Lorsque le petit Kay est atteint à l’oeil et au coeur par une poussière de miroir, il devient un « intellectuel » : il se moque de la naïveté des vieux contes de sa grand-mère, voit les imperfections des roses du jardin, et préfère étudier les mathématiques que jouer à des jeux d’enfants. Andersen ne nie d’ailleurs pas l’attrait de la science. Sa recherche de la perfection l’empêche d’aimer les choses simples de la vie. Mais la perfection est rare et fugace :

«  Un jour d’hiver, comme il neigeait fort, il sortit une grande loupe […] -regarde dans le verre, Gerda, dit-il, et chaque flocon devint beaucoup plus gros et eut l’air d’une fleur magnifique ou d’une étoile à dix côtés, c’était superbe »

« Et il n’y a pas là le moindre défaut, les flocons sont parfaits, tant qu’ils ne fondent pas. »

La Reine des neige a cette perfection du flocon glacé, alors que la petite Gerda serait plutôt assimilable à une rose du jardin. Nulle trace des couleurs de la vie dans la blancheur immaculée de son traîneau ou de ses vêtements ! Kay accroche sa luge derrière le grand traîneau et lorsqu’ils quittent la ville, il s’aperçoit qu’il ne peut plus se détacher. Le voilà pris au piège : il est trop tard pour revenir à ce qui le guidait dans sa vie d’autrefois :

« Kay était épouvanté, il voulut dire son Notre Père mais il ne put se rappeler que la grande table de multiplication ».

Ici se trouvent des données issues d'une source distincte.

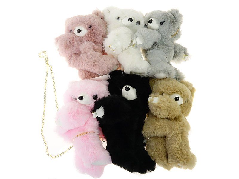 Dostępne: 6 Sztuk Lub zamów telefoniczne: 690 216 578torebka pluszowa miś, z łańcuszkiem na ramię, mix kolorów, 30x13x10cm

Belle image de l’irrationnel qui permet de mieux surmonter les difficultés morales ( ici l’épouvante devant l’inconnu), que la logique et l’instruction.

Le baiser de la Reine des Neige est plus froid que la glace mais lui permet de ne plus rien ressentir et donc de ne plus souffrir. Un deuxième baiser lui apporte l’oubli.

« Tu n’auras pas d’autre baiser, dit-elle, car un de plus te tuerait »

En effet, sans souvenir ni sensation, Kay est comme amputé et n’a plus qu’une vie purement intellectuelle.

La troisième histoire démarre avec le chagrin de la petite Gerda qui ne peut se résoudre à la mort annoncée de son ami, d’ailleurs tout dans la nature : le soleil, les hirondelles, lui annonce que Kay n’est pas mort.

Gerda quitte la grand-mère, et met ses souliers rouges, qui marquent son entrée dans la puberté. Elle est prête à offrir ce qu’elle a de plus cher pour le retour de son bien-aimé : ses souliers rouges, symboles de son corps de femme. Mais le temps n’est pas venu et la barque l’entraîne sur l’eau plus vite qu’elle ne voudrait. Ainsi Andersen a-t-il eu souvent l’impression de ne pas maîtriser le cours de sa vie.

Gerda , elle aussi, est tentée d’oublier le passé, de refuser les épreuves, et de se laisser aller à la facilité : elle s’arrête près d’une étrange maison où vit une sorcière.

« il y avait sur la table de délicieuses cerises, et Gerda en mangea autant qu’elle voulut, car pour cela elle avait du courage »

La maison est à l’inverse du palais de la reine des neige : tout est coloré mais on peut se perdre aussi à ne se contenter que de rassasier ses besoins enfantins : nourriture et loisirs faciles.

« Les fenêtres étaient situées haut et les carreaux étaient rouges, bleus et jaunes ; la lumière du jour était singulière à l’intérieur »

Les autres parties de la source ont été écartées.